Ла Росита, глотая воду, замолчал с выражением блаженства на лице, словно он купался в одной из райских рек… Такая перемена встревожила клоунов, и представление началось по новой, только теперь все, прибегая к разнообразным и взаимоисключающим доводам, умоляли Ла Роситу попросить о помощи. Ведь не хочет же он лишить их жизнь смысла! Они собрались здесь, чтобы спасти его и ни для чего больше! Если убрать проблему, то кем станут те, кто предлагает решение проблем? Им нужен утопающий — в нем суть этого номера, цирка, Вселенной в целом. Иначе мироздание лишится своей оси. Дав себя убедить, Ла Росита с гордым видом возобновил свои просьбы. Паяцы столпились возле него и снова заговорили, не протягивая спасительной руки.
Для трех зрителей это было уже слишком. Двое покинули цирк, пригнувшись, чтобы не сильно обижать актеров, а третий захрапел во всю мочь. Боли, «Одинокий хобот» — нож, воткнутый в кровоточащий конец слоновьей гордости, говорил о ее насильственном отторжении от тела, — красным и белым изобразила на лице спящего, стараясь не разбудить его, растянутый в улыбке рот.
Черный Пьеро, расталкивая товарищей, пробился к «Салату» и с криком «Последний привет от дона Жабы!» разрезал ему щеку. По ткани стало расплываться кровавое пятно. Акк, не говоря ни слова, опустил голову так, что вся кровь скапливалась у него на груди. Паяцы, стоя неподвижно, тихо приветствовали рукоплесканиями каждую новую каплю. Установился ритм, поначалу тягучий и печальный, затем все более бодрый. Растущее пятно словно загипнотизировало всех. Хумс, сжимая в руке фарфоровый осколок, молча рыдал. Взволнованные актеры, наблюдая за вытекающей кровью, ожидали чуда, подобного тому, о котором вполголоса поведал переставший плескаться Ла Росита: «Когда в Багдаде умертвили святого шейха Мансура Халаджа, капли крови, падая на землю, сложились в слово „Аллах“!» Если Акк — настоящий писатель, то жизнетворная влага образует некое слово — ключ к его творчеству.

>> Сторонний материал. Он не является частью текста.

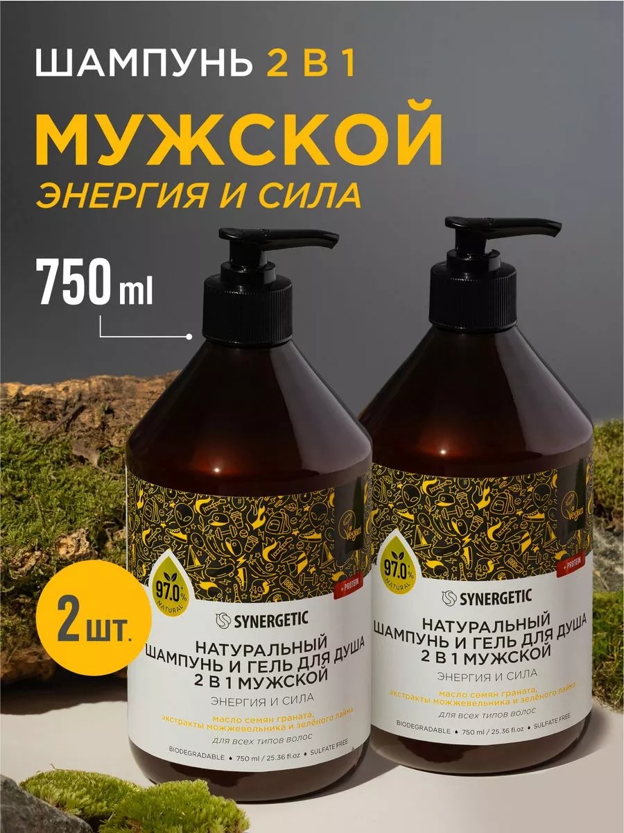 Натуральный бессульфатный шампунь и гель для душа 2 в 1 мужской SYNERGETIC Энергия и сила 2шт по 750мл - эффективное средство для очищения тела, кожи головы и всех типов волос. Бессульфатный шампунь и гель для душа "2 в 1" обеспечивает деликатное очищение и эффективный уход. Формула с протеином восстанавливает поврежденные волосы, укрепляет и оздоравливает их структуру. Комплекс масел гранатовой косточки и макадамии, который оказывает восстанавливающее действие. Инновационные компоненты шампуня укрепляют волосы и стимулируют формирование кератиновых волокон. Экстракты сандала, можжевельника и зеленого кофе активизируют волосяные луковицы и стимулируют рост волос. Мультифункциональный компонент натурального происхождения софоролипид мягко очищает кожу головы и сохраняет естественный микробиом кожи. Инновационный увлажняющий комплекс усиливает барьерные свойства кожи и обеспечивает до 72 часов глубокого увлажнения. Физиологичный уровень pH 5,5 устраняет сухость кожи головы и гарантирует безопасность при частом использовании средства даже для чувствительной кожи. Натуральный шампунь не содержит SLS, SLES, парабенов, силиконов, минеральных масел и красителей, а также компонентов животного происхождения, не тестируется на животных и сертифицирован британской организацией The Vegan Society. Знак Vegan - мировой стандарт этичной продукции. Биоразлагаемые компоненты шампуня безопасны для природы и человека и не наносят вред микрофлоре септических установок.

Точно облако, постоянно меняющее форму под воздействием ветра, гранатовое пятно никак не могло определиться со своими очертаниями: из сердца оно сделалось полипом, потом зародышем, шляпой, чертом, тараканом, пока наконец не стало обычным уродливым пятном, лишенным всякого изящества, в котором самое разнузданное воображение не усмотрело бы никакого символа.
Никто не знал, что сказать. Проявить сочувствие к романисту означало бередить еще свежую рану. Акк поднял голову, приложил к ране платок и нарушил молчание, заговорив преувеличенно мягким тоном:
— Комедия окончена. Утомленный паяц возвращается в постель — на свой трон, где будет рукоплескать сам себе. Наше путешествие бессмысленно.
Черная собака издала ликующее «Да!», только сгустившее и без того мрачную атмосферу. Все побрели к телегам, и в первый раз с тех пор, как покинули Сантьяго, сбросили свои цирковые наряды.
Они верили, что жизнь их отныне станет бесконечным круговоротом, но в этот вечер, Бог знает почему, поняли, что цирк не может быть самоцелью, что они кружат вокруг ванны с утопающим, ни живые, ни мертвые, спасаясь от неподвижной Луны, как черный Пьеро. Им не хватало звезды, чтобы стать волхвами. В их пустыне не раздавалось вопиющего гласа.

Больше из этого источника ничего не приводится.